Iran’s morality police are cracking down on the sale of Barbie dolls, Reuters reported Tuesday. Over the past three weeks, the police have visited a number of shops in Tehran and demanded the dolls be removed.


Barbie. (AP)

Present in schools, universities, factories, state and private institutions, and on the streets, the morality police have a mandate to “promote virtue and prevent vice.” They effectively act as “the regime’s eyes and ears,” according to the International Institute for Strategic Studies. And when they aren’t cracking down on Barbie, they have quite a few other duties, according to Radio Free Europe. These include:

Enforcing the wearing of the hijab; arresting women for violating the dress code; prohibiting male-female fraternization; monitoring citizens’ activities; confiscating satellite dishes and “obscene” material; intelligence gathering; and even harassing government critics and intellectuals.

According to reports, the morality police have also found it in their mandate to arrest youths for pistol water fights, stop kindergartners from dancing and crack down on women who show their ankles.

In November, 70 fashion designers were rounded up and more than 400 shops were closed by morality police for selling “improper” dresses, The Post’s Thomas Erdbrink reported. The week before, the same police had cracked down on women skiing without a male guardian. They also enforce the rule that plastic mannequins in shopwindows are not allowed to have heads.

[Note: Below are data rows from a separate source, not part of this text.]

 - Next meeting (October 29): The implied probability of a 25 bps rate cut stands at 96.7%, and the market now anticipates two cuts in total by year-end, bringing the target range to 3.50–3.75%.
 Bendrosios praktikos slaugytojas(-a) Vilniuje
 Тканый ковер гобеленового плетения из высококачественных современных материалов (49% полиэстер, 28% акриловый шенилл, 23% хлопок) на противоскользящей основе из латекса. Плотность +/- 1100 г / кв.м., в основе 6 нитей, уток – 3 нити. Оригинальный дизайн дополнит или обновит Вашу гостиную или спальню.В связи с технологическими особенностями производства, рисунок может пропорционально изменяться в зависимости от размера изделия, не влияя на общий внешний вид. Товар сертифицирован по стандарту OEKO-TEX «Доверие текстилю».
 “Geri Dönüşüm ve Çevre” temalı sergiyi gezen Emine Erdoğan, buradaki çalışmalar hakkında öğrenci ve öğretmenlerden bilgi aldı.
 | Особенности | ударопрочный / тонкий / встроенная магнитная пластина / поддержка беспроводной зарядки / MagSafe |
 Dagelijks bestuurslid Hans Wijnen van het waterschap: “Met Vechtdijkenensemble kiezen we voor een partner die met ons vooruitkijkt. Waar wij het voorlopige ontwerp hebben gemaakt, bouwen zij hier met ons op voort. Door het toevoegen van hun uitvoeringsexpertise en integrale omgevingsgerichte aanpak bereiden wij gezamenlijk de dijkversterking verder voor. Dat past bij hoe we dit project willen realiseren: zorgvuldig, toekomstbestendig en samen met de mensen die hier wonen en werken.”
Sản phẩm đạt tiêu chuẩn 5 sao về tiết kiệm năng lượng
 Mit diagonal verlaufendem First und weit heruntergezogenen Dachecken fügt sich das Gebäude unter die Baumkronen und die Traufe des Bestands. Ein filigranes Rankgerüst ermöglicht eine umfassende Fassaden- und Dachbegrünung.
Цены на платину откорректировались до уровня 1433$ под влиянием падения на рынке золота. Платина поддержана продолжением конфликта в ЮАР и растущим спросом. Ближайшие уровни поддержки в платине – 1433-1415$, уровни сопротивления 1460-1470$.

But compared to Saudi Arabia's morality police, Iran’s forces are considered soft. In 2002, Saudi value-enforcers prevented men from saving girls from a burning school building because the girls were not wearing correct Islamic dress. Dozens died in the fire.

Erdbrink reports that the mandate of the morality police is growing ever larger, as hard-liners try to get rid of reforms enacted under then-President Mohammad Khatami.